肌に突き刺すようなそれは、ひどく残酷で、痛い。
空は闇に包まれ、雲で覆われているのか星一つ見えない。
けれど。
ここからは眼下に広がる街の光が見える。
そう、それは、この寒さにも負けない、強き光。
アーリグリフ城の物見の塔。
アルベルはそこで、アーリグリフの街を見下ろしていた。
以前と変わらない街並み。
けれど決定的に変わった風景。
雪の、やんだ街。
シーハーツとの戦争が終わりを告げた時、この街を覆っていたはずの雪がやんだ。
それは神が齎したものか。
人々は負けたのにもかかわらず、喜びを分かち合い、白く廃れたような街は雪がやんだだけで、あそこまで活気付く。
戦争で死んだ奴等の魂を弔う儀式が行われ、もう二度と戦争が起きないようにと、人々は祈りを捧げた。
だが、己はどうだろうか。
この現実を受け入れる事は出来る。
戦争に負けたのだ、と……それだけの事なら。
だけど、それ以上に――自分はどうすればいいのか、わからなくなる。
これから、何を求め生きていけばいいのか。
戦う事しか知らない己に、戦争のない世界でどう、生きていけばいい?
風がいっそう強く吹き、アルベルは少し身震いをした。
「寒ぃ…な」
雪が降らなくてもこんなに寒い。
以前と変わらないはずなのに……やはり、変わっていて。
でも俺は、そこに己がいる事に認めたくないのかもしれない。
自分は戦いがすべてだと。
ずっと戦争で死ぬ為に剣を振り続けていた。
それが、どうだ?
地下牢に閉じ込められている間に、戦争は終わり、俺の居場所は、俺の知らぬ間になくなっていた。
ならばいっそ、あのまま地下牢で死んでしまえば。
俺は、戦争という名と共に消えられたのかもしれない。
「……ふざけた妄想だな」
アルベルは自嘲気味に笑った。
不意に、かつんと物音がし、後ろを振り向く。
「!?」
こには一人の男がテラスに寄りかかり、こちらを見てにやりと笑った。
「よう、やっと気付いたか」
「き、さま…。いつからそこに」
クリフがいた事に、アルベルはうろたえた。
自分の背後をこうもやすやすと他に晒すなど、今まで無かったのだ。
しかも、クリフはアルベルが殺気を籠めて今すぐ刀を抜きそうな程に睨みつけても、全く動じない。
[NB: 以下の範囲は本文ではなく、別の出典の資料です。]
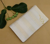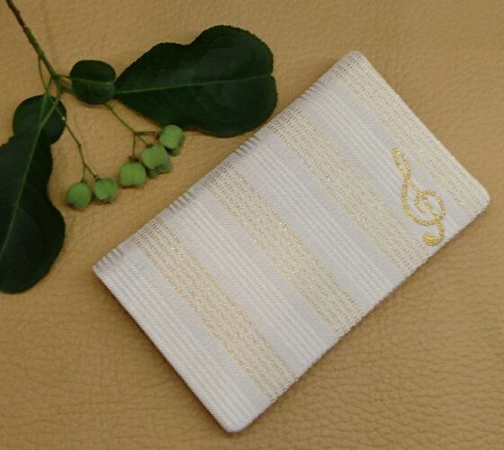 絹織物西陣織名刺・カード入れ 白地に金糸音符 中地黒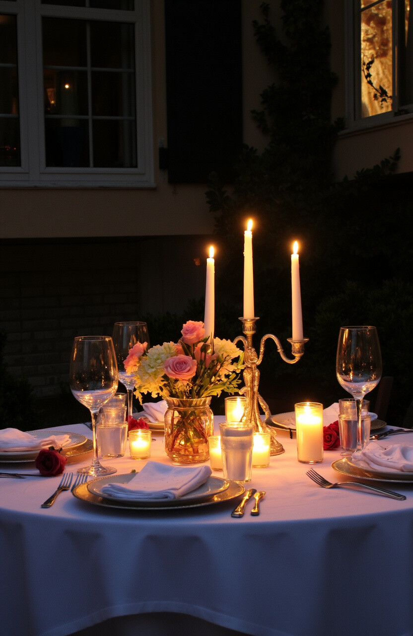Set the stage for a romantic evening with candles and soft lighting. Use a small table with elegant tableware and fresh flowers for a touch of sophistication. The gentle glow of candles creates an intimate atmosphere.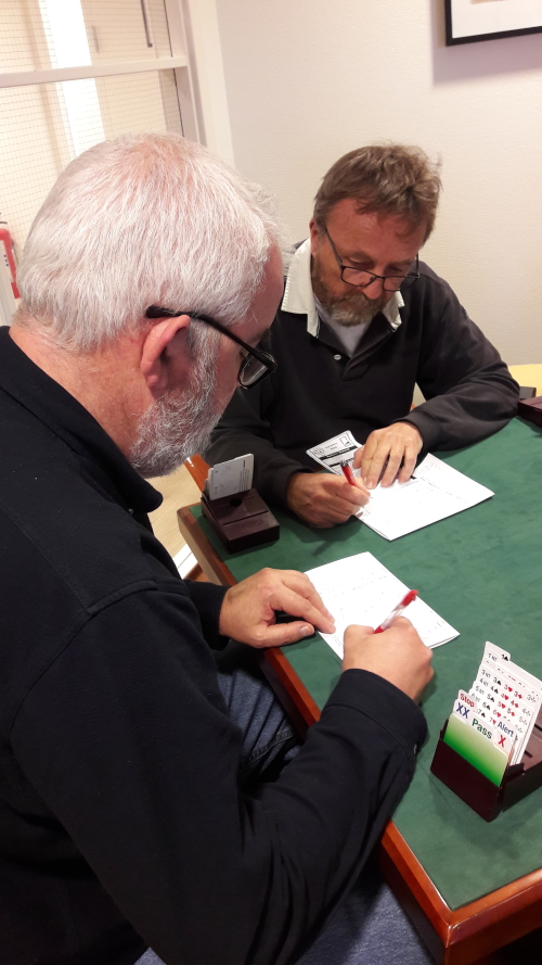 Åsmund Stokkeland (t.v.) og Jan Mikkelsen kan notere ledelse med 37 IMP etter fire av fem sett.

「んー……ちょっと前だぜ?お前よくこんなところに、んな薄着でいるよな」
そう言うとクリフはアルベルの横に立ち、先程までアルベルがそうしていたようにアーリグリフの街を見渡す。
「何しに、来た」
「別に?暇だったしよ」
暇だからと言って、なぜ俺のいるところに来るのかがわからない。
こいつは…俺が牢から出た時からずっとそうだ。
用も無いのに俺にまとわりつく。
そして横でどうでもいい事を一方的に話すのだ。
「あそこ宿屋だろ?今フェイト達が夕飯作ってんだぜ?俺も何かした方が良いかって聞いたんだけどよ。マリアから追い出されちまった」
やはり、俺にはどうでもいい事だ。
アルベルはまた石畳の塀に肘をついて、街の光を見つめた。
寄り添うようにして灯っている、いくつもの光。
なぜだろう、見ていると、無性に腹が立つ。
そしてそれ以上に。
心の中が空洞になったような、何とも言えない感情が湧き上がる。
手を伸ばしても、俺には決して触れる事の出来ないあの光に。
「マリアとフェイトって最近会ったばっかだけど、ようやく仲良くなれたみたいだよな。シランドにいた時もそれなりには良かったんだけどよ」
「貴様は……」
「ん?」
「この光を見て、どう思う?」
言った瞬間、アルベルは微かに笑った。
俺が誰かの意見を聞きたがるなんて、どうしたんだろうか。
今までだってすべて自分で解決してきた。
己の意見を信じ、その道を辿ってきたはずだ。
…………それでも。
もしかしたら答えが欲しいのかもしれない。
消えてしまった、目の前にあったはずの光は、必ず己の進む道の上にあった。
なのになぜ、消えてしまったのか。
そのせいで、これから俺はどこに行けばいいのか、わからなくなってしまった。
だから、見つけたいんだ。
それこそ、俺の道に、一つでも良いから光が見えればと。
そうすれば、俺はまた生きていけるのだから。
「綺麗だよな」
「!?それだけか?」
「それだけだろ」
「ふん。貴様に聞いた俺が阿……」
「お前さ」
不真面目に適当に答えていると思っていたクリフの顔は、えらく真剣だった。
なのに、すごく。
優しい顔で、クリフはアルベルを見ていた。
「考えすぎなんだよ。いろいろと」
「な」
「綺麗なものは綺麗。それ以上に何かを見つけようとしすぎると、お前みたいに」
クリフがアルベルに腕を伸ばす。
アルベルはとっさに逃げようとしたが間に合わず、腕を掴まれ引っ張られた。
状態がぐらつき、クリフに抱き寄せられる。
文句を言おうとしたアルベルが顔を上げると、とん、とクリフの指がアルベルの眉間にあたる。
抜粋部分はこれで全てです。